Ranomafana
"La forêt sentait l'écorce humide et quelque chose de plus âcre en dessous — du cyanure, en fin de compte. Le bambou. Le lémurien en mange au petit-déjeuner."
Ranomafana signifie « eau chaude » en malgache, ce qui en dit long sur ce que les premiers habitants jugeaient digne d’être nommé. Il y a des sources thermales à la lisière du parc — chaudes, sulfureuses, étrangement réparatrices après un long trajet en taxi-brousse depuis Fianarantsoa, à travers des hautes terres d’argile rouge et des virages en épingle qui faisaient gémir le van. Je suis arrivé dans la lumière de fin d’après-midi qui teintait les collines d’ambre et je me suis assis dans les sources pendant vingt minutes avant de faire quoi que ce soit d’autre. Bonne décision.

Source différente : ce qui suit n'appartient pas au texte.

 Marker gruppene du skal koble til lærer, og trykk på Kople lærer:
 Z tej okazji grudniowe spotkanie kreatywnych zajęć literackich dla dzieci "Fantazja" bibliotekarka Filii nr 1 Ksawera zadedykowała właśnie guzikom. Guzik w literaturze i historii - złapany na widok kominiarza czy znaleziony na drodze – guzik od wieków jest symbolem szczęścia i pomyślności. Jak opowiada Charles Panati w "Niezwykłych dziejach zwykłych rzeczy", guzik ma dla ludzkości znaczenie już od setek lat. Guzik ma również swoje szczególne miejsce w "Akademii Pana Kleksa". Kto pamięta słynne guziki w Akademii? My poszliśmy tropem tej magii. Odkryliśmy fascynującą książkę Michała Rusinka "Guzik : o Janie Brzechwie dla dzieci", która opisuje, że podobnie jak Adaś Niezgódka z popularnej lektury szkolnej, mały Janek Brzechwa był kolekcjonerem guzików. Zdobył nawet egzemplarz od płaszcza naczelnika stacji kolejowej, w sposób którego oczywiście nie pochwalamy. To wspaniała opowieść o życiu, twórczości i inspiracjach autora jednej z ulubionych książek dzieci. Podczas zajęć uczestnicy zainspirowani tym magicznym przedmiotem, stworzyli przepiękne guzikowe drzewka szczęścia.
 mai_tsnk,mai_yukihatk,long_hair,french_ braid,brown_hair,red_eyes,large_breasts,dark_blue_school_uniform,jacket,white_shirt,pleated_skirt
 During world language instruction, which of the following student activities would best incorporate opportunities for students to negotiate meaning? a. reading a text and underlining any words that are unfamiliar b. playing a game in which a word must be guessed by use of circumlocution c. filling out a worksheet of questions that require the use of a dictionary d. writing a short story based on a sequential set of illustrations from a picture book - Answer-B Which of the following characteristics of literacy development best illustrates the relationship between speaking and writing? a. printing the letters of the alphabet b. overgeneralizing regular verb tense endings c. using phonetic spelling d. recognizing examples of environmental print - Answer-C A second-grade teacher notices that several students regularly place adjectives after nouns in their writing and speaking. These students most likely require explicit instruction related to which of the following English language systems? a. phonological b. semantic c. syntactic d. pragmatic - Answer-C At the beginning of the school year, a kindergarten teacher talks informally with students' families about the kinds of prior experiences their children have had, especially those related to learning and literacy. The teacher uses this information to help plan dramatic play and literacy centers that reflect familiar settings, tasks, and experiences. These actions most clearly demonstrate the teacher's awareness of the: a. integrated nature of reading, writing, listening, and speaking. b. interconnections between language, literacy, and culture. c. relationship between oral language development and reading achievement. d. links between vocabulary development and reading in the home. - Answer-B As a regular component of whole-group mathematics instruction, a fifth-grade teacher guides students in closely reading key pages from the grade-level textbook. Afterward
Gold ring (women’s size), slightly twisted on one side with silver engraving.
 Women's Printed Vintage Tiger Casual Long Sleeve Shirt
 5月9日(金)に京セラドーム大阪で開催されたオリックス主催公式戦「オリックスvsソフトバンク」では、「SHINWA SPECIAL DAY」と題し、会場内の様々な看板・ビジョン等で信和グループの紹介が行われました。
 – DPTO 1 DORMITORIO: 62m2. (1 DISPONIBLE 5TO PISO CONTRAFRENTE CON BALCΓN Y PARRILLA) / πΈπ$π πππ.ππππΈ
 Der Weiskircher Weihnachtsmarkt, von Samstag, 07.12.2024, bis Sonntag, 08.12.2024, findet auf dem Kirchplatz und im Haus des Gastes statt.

Le parc lui-même a été créé en 1991, porté par la primatologue américaine Patricia Wright après qu’elle eut contribué à identifier ici le lémurien doré du bambou quatre ans plus tôt. À l’époque, cet animal était entièrement nouveau pour la science. Il assimile, grâce à son régime quotidien de bambou, assez de cyanure d’hydrogène pour tuer la plupart des mammifères de sa taille. Personne ne sait vraiment comment.
Au cœur des arbres
Les guides de Ranomafana sont excellents — organisés par le système du parc et sincèrement investis dans ce qu’ils vous montrent. Le mien s’appelait Misa, et il se déplaçait dans les broussailles avec l’efficacité particulière de quelqu’un qui a fait cela des milliers de fois mais qui remarque encore tout. Il m’a désigné un caméléon de Parson si grand que je l’ai d’abord pris pour une petite branche. Puis il a tourné vers moi un œil bombé et j’ai révisé mon estimation.
La forêt ici est différente de celle d’Andasibe. Plus humide, si cela semble possible, avec une canopée plus haute et un sous-bois plus stratifié. Des cascades la traversent tous les quelques centaines de mètres. Les sentiers sont assez raides pour que l’on mérite chaque point de vue.
On trouve les lémuriens dorés du bambou le plus sûrement dans les fourrés de bambou au fond des vallées — de petits groupes d’animaux, orange rouille et aux aguets, se déplaçant avec l’assurance tranquille de créatures qui ont déjà résolu la question de la nourriture. Ils mangent des pousses de bambou, la moelle du bambou, la base des feuilles de bambou. La teneur en cyanure nous tuerait, vous et moi. Le lémurien, lui, n’en a cure.
Le village en contrebas
La ville de Ranomafana s’étire le long d’une unique route à flanc de colline, surplombant l’entrée du parc. Ce n’est pas un lieu policé — quelques maisons d’hôtes, un marché, des femmes portant des fagots de bois sur la tête au bord de la route, des hommes jouant aux cartes devant une boutique qui vend du crédit téléphonique et des produits Nestlé. Lia y a acheté un petit panier tressé à une femme qui négociait dur en trois langues et qui a souri largement quand elle a eu gain de cause. Le panier a fait tout le voyage jusqu’au Mexique.
Il y a un restaurant appelé Manja qui sert un romazava tout à fait honorable, le ragoût national de bœuf et de feuilles vertes qui varie énormément d’une cuisine à l’autre. Celui-ci était bon. Je l’ai mangé deux fois.
Après la tombée de la nuit
Les marches nocturnes à Ranomafana n’ont rien à voir avec celles des autres parcs. La densité de la forêt amplifie le moindre son — des grenouilles, surtout, dans un volume qui devient presque percussif vers 21 h. Les microcèbes apparaissent en bordure des sentiers comme de petites notes de bas de page nerveuses. Les caméléons endormis luisent légèrement sous la lumière rouge.
Le parc gère une station de recherche en partenariat avec l’université Stony Brook, ce qui signifie qu’il bénéficie d’un véritable intérêt scientifique, et pas seulement d’infrastructures touristiques. Cela se voit dans la formation des guides, dans l’entretien des sentiers, dans les petits panneaux d’interprétation qui vous apprennent réellement quelque chose.
Quand y aller : D’avril à octobre, c’est la saison la plus sèche et la plus praticable. Juin et juillet sont frais en altitude — emportez une polaire. Septembre et octobre offrent les meilleures chances de voir des lémuriens nouveau-nés. La saison des pluies (de novembre à mars) rend les sentiers glissants et les sangsues inévitables, mais la forêt est d’une luxuriance extraordinaire.